Because the covariance matrix can change across classes, QDA can produce curved decision boundaries.

Fitting QDA

Code
def_rec <- recipe(default ~ balance, data = default_train)

def_qda_spec <- discrim_quad(
  mode = "classification",
  engine = "MASS"
)

def_wflow_qda <- workflow() |>
  add_recipe(def_rec) |>
  add_model(def_qda_spec)

def_fit_qda <- def_wflow_qda |>
  fit(data = default_train)
Code
def_fit_qda |>
  augment(new_data = default_test) |>
  dplyr::select(default, .pred_class, .pred_Yes) |>
  mutate(default = factor(default, levels = c("Yes", "No"))) |>
  roc_curve(truth = default, .pred_Yes) |>
  ggplot(aes(x = 1 - specificity, y = sensitivity)) +
  ggtitle("QDA ROC curve") +
  geom_path(color = "dodgerblue") +
  geom_abline(lty = 3) +
  coord_equal() +
  theme_minimal()

Naive Bayes

Naive Bayes: the idea

Naive Bayes is also a generative classifier.

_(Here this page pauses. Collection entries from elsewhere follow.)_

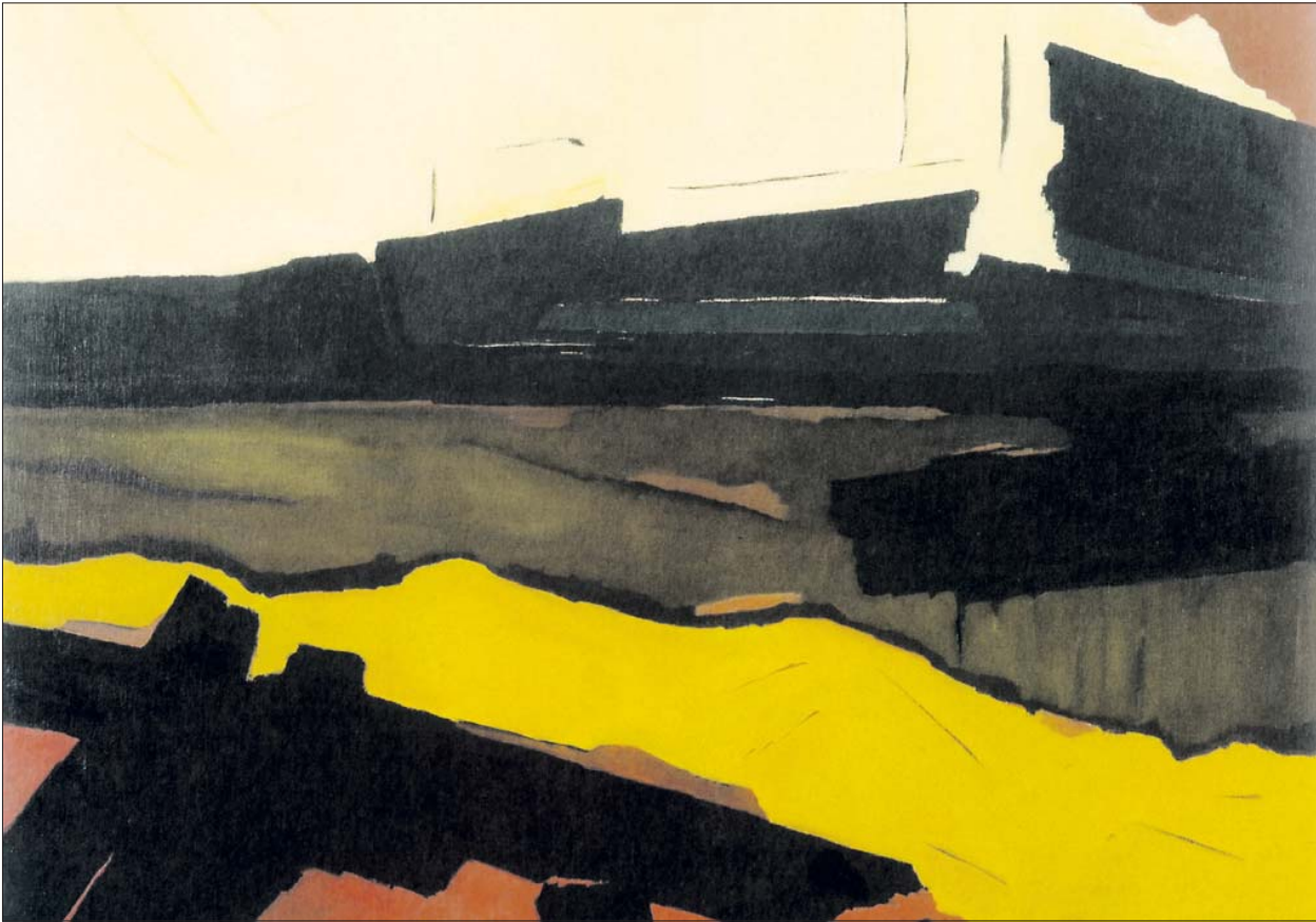
Die Farben der Erde dominieren das Landschaftsgemälde mit dem Titel „Settembre“, das im Jahr 2007 gemalt worden ist.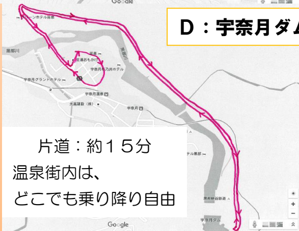
D：宇奈月ダム【大夢来館】(足湯おもかけ起点)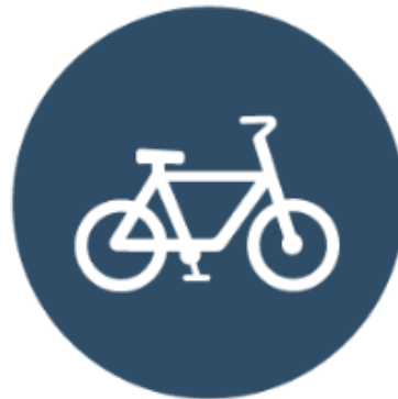
Bikeshare sistemi bez terminala (uključujući e-bicikle)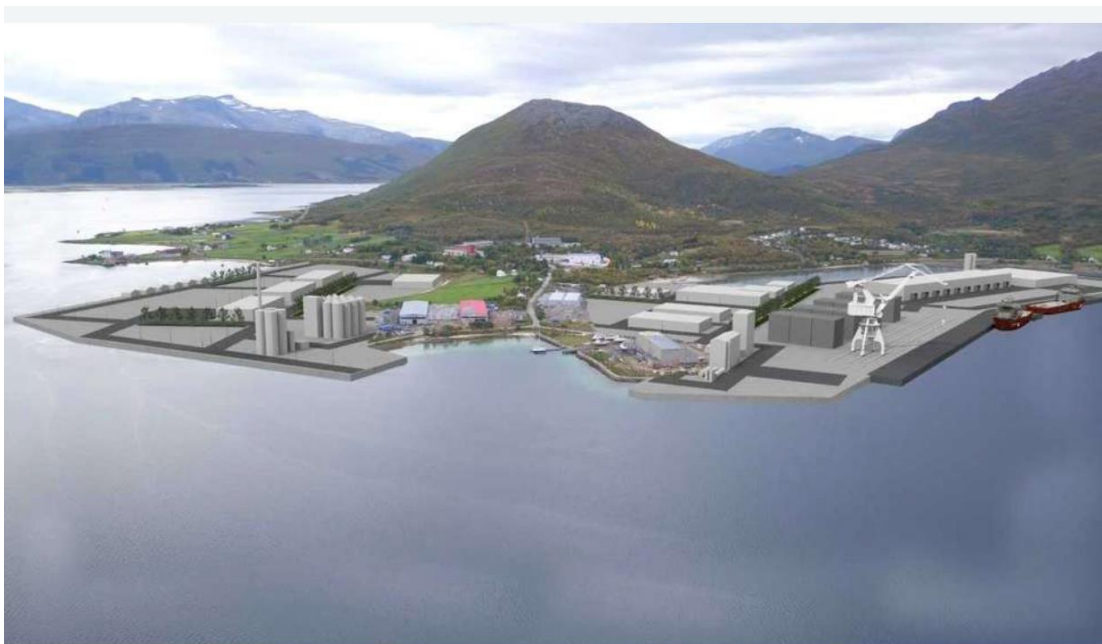
Rødskjer og Evenskjer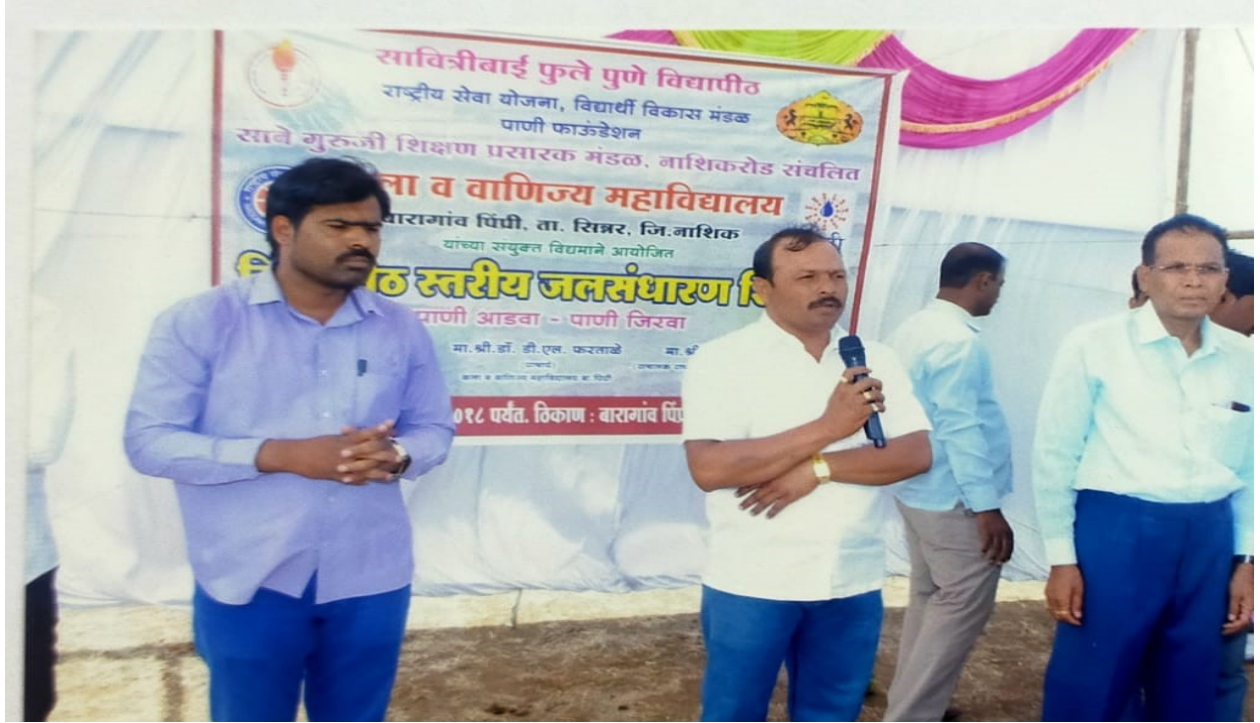
Village baragaon pimpri sarpanch communicate with Student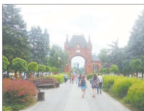
Александровская триумфальная арка названа так потому, что возведена к визиту императора Александра III в 1888 году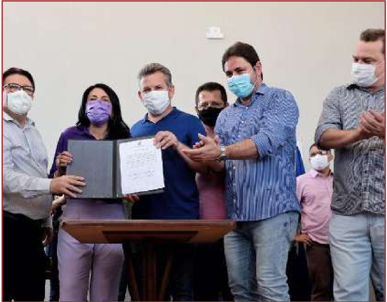
Todos os convênios firmados terão contrapartida da prefeitura de Cáceres

Porque é assim que temos trabalhado no Governo de Mato Grosso: aplicando corretamente o recurso público, que não é o dinheiro do governador, é o dinheiro do povo que o Estado arrecada e devolve para o cidadão, através de tantas e tantas obras que graças a Deus estamos dando andamento",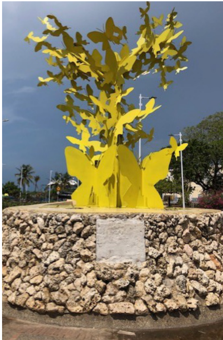
El gobernador dice que a Riohacha hay que presentarla al mundo, hay que abrirle canales y puntos para que respire.

Además se tiene proyectada la construcción de la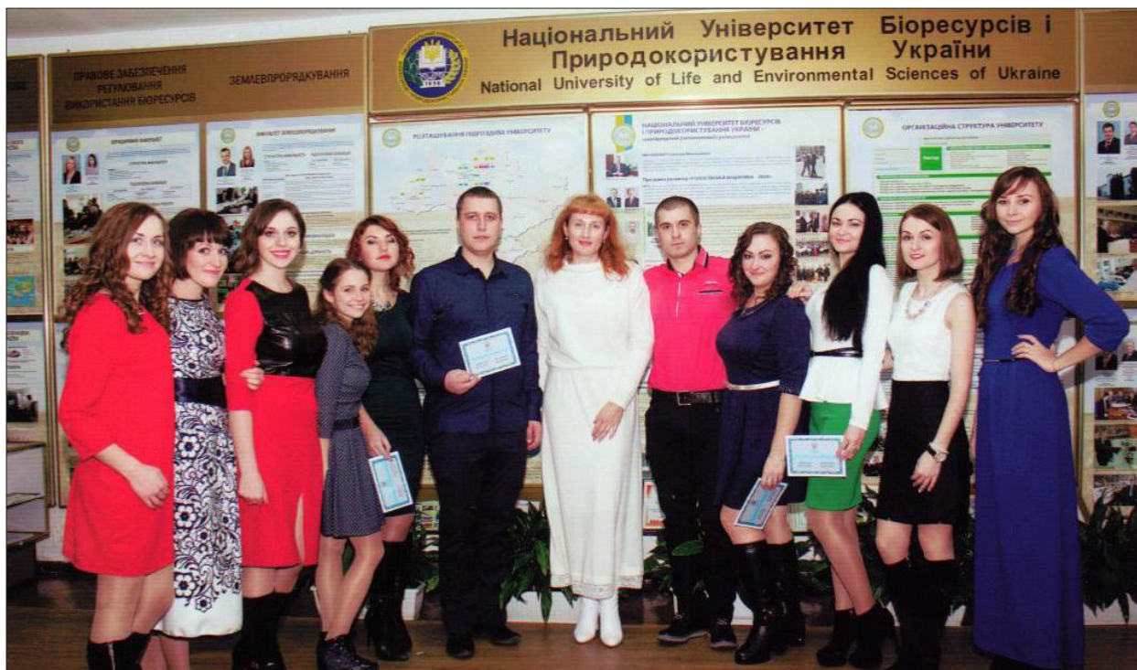
Випуск студентів ОС «Магістр» спеціальності «Фінанси і кредит» спеціалізації «Фінансова аналітика у сфері бізнесу», 2015 рік

тодичних праць. Її основними науковими інтересами є корпоративні фінанси та фінансова безпека в агробізнесі.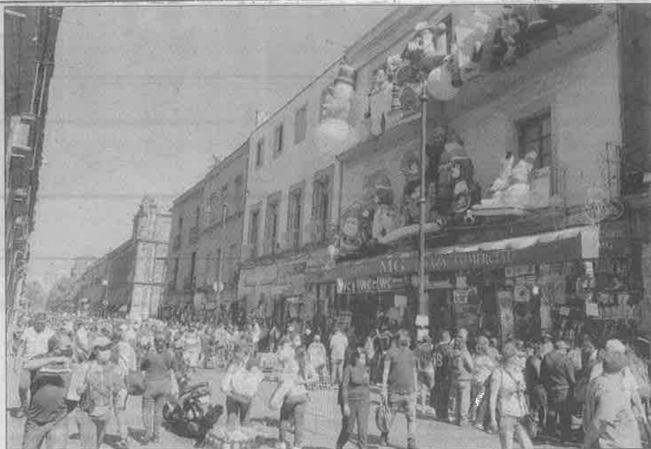
este mes es de los más esperados por los comerciantes, aunque con el coronavirus esperaban una baja en sus ventas.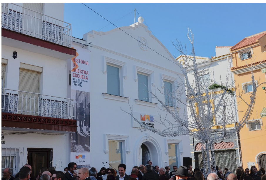
Fachada principal del MAE el día de su inauguración

Su creación responde a la importancia que hoy se concede a los espacios dedicados a conservar y transmitir la memoria histórica, algo que va más allá del currículum académico (Ruiz Berrio, 2010). Ha significado una apuesta clara por parte del Ayuntamiento de Alhaurín de la Torre por la educación y la cultura y pretende ser un punto de atracción de toda la comarca, incluida la capital de la que sólo dista 17 Km.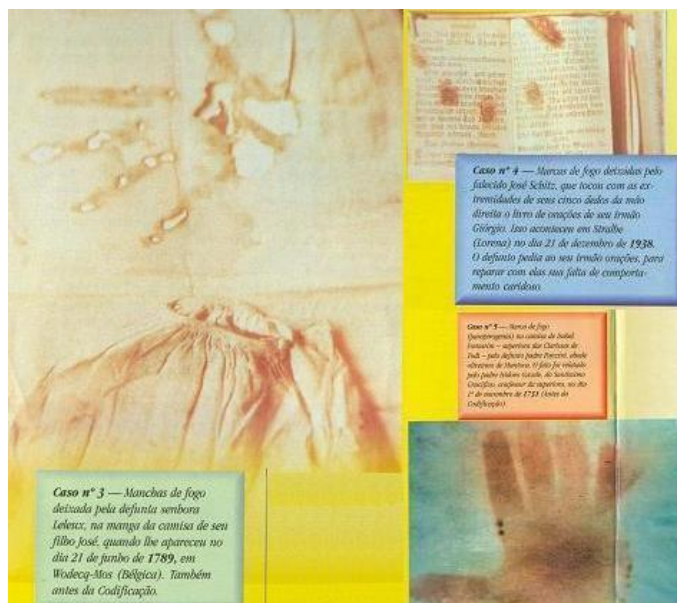
Revista Visão Espírita nº 4, Salvador: Seda, julho/1998, pp. 12-15.

preces, e para provar que voltaram mesmo deixaram suas marcas:

Like LDA and QDA, it uses Bayes’ rule.
However, it makes a simplifying assumption:

\[ f_k(X) = f_{k1}(X_1) \times f_{k2}(X_2) \times \cdots \times f_{kp}(X_p) \]

That is, predictors are assumed to be independent within each class.

Note

The assumption is often unrealistic, but it makes the model simple and stable, especially with many predictors or small samples.

Naive Bayes with different predictors

For each predictor and each class, Naive Bayes estimates a separate distribution.

For continuous predictors, one can use:

\[ f_{kj}(X_j) \sim N(\mu_{kj}, \sigma_{kj}^2) \]

or a kernel density estimator.

For categorical predictors, one can use class-specific relative frequencies.

Note

Naive Bayes combines many simple one-variable models into a full classifier.

Fitting Naive Bayes

Code
def_rec <- recipe(default ~ balance, data = default_train)

def_nb_spec <- naive_Bayes(
  mode = "classification",
  engine = "naivebayes"
)

def_wflow_nb <- workflow() |>
  add_recipe(def_rec) |>
  add_model(def_nb_spec)

def_fit_nb <- def_wflow_nb |>
  fit(data = default_train)
Code
def_fit_nb |>
  augment(new_data = default_test) |>
  dplyr::select(default, .pred_class, .pred_Yes) |>
  mutate(default = factor(default, levels = c("Yes", "No"))) |>
  roc_curve(truth = default, .pred_Yes) |>
  ggplot(aes(x = 1 - specificity, y = sensitivity)) +
  ggtitle("Naive Bayes ROC curve") +
  geom_path(color = "darkgreen") +
  geom_abline(lty = 3) +
  coord_equal() +
  theme_minimal()

Comparing classifiers

Comparing classifiers

method .estimate
logistic regression 0.0517932
LDA 0.0517932
QDA 0.0517932
naive Bayes 0.0517837

Important

The same workflow can be used to compare different classifiers:

model specification → fitting → predicted probabilities → ROC / AUC.